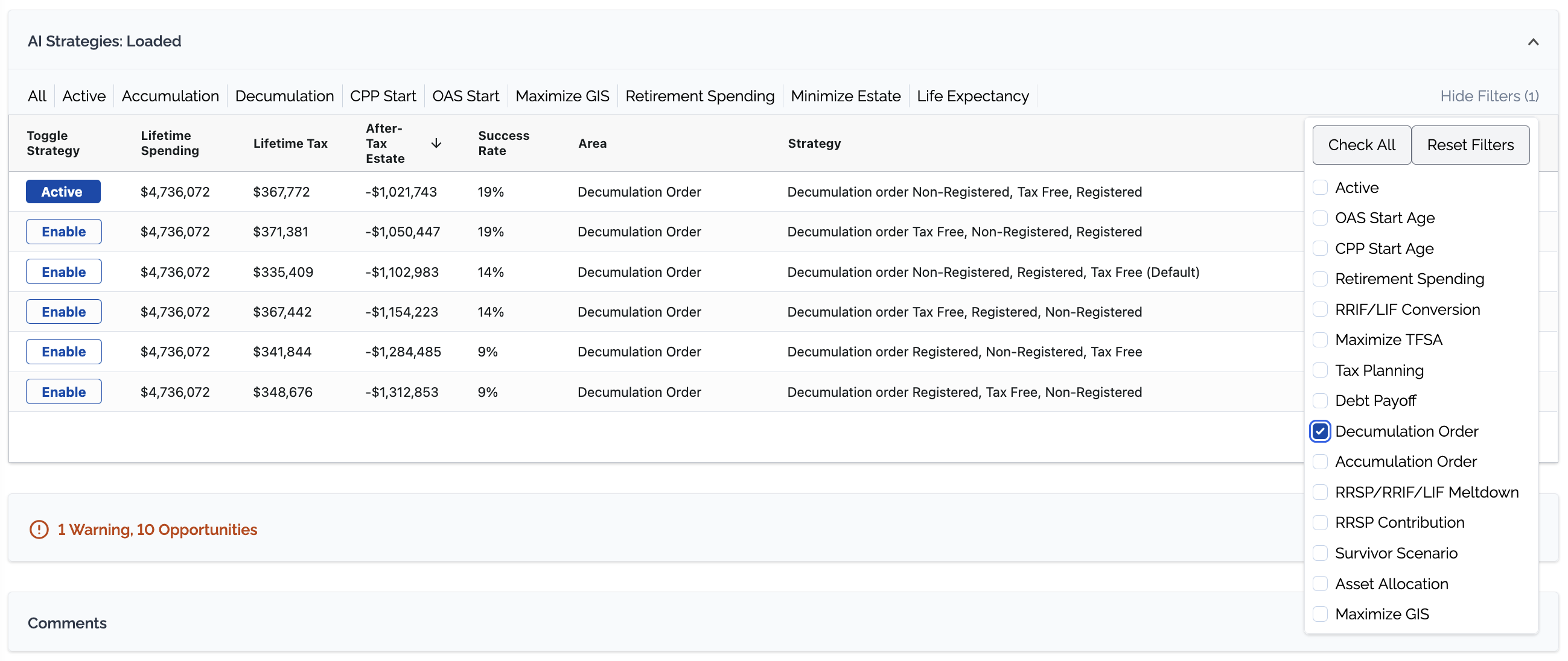 You can use AI Strategies to explore both accumulation order and decumulation order. Go to Planning > Projections > AI Strategy table and select the 'Select Filters' button. You can then scroll down to find the Decumulation Order strategies.
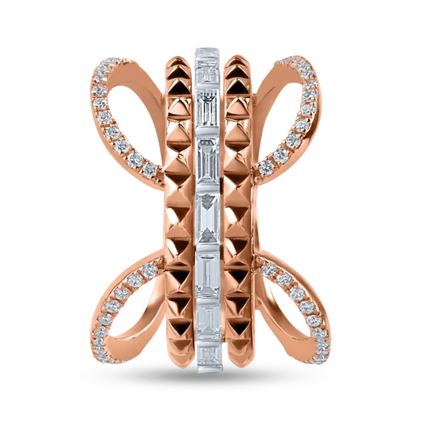 Inel din aur roz cu diamante baguette si rotunde de 1.6ct
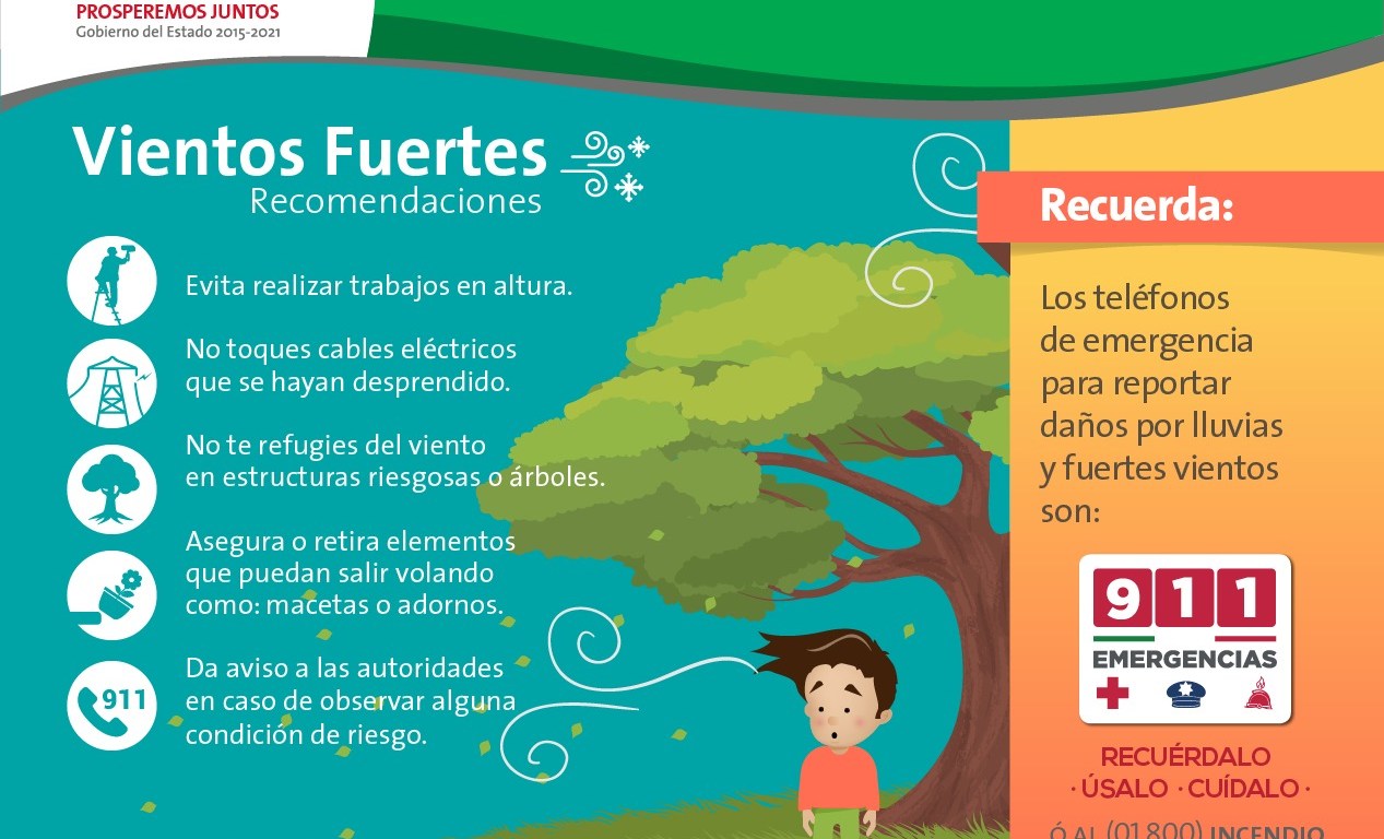 Pidió a la ciudadanía no realizar trabajos en alturas, quitar objetos de balcones y techos que pudieran salir volando y causar daños, así como evitar estar debajo de árboles o de estructuras frágiles.
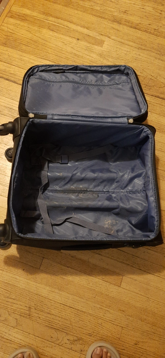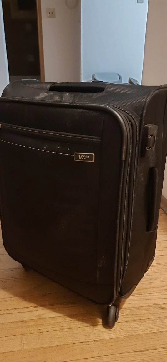 Selling a black Carry-on rolling suitcase from VIP. It's in used condition, but still works great for travel! It has a retractable handle and multiple compartments for easy packing. Perfect for your next trip!
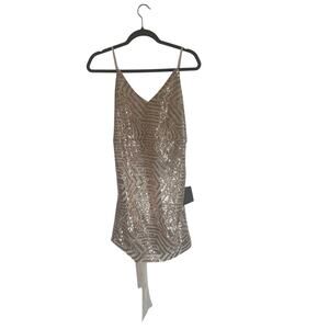 Lulus Women's M Champagne Sequin Asymmetrical Cami Elegant Party Dress

*****

| Assignment |
Only the pictures are to be dropped; return everything else in the listing exactly.

| Written solution |
 You can use AI Strategies to explore both accumulation order and decumulation order. Go to Planning > Projections > AI Strategy table and select the 'Select Filters' button. You can then scroll down to find the Decumulation Order strategies.
 Inel din aur roz cu diamante baguette si rotunde de 1.6ct
 Pidió a la ciudadanía no realizar trabajos en alturas, quitar objetos de balcones y techos que pudieran salir volando y causar daños, así como evitar estar debajo de árboles o de estructuras frágiles.
 Selling a black Carry-on rolling suitcase from VIP. It's in used condition, but still works great for travel! It has a retractable handle and multiple compartments for easy packing. Perfect for your next trip!
 Lulus Women's M Champagne Sequin Asymmetrical Cami Elegant Party Dress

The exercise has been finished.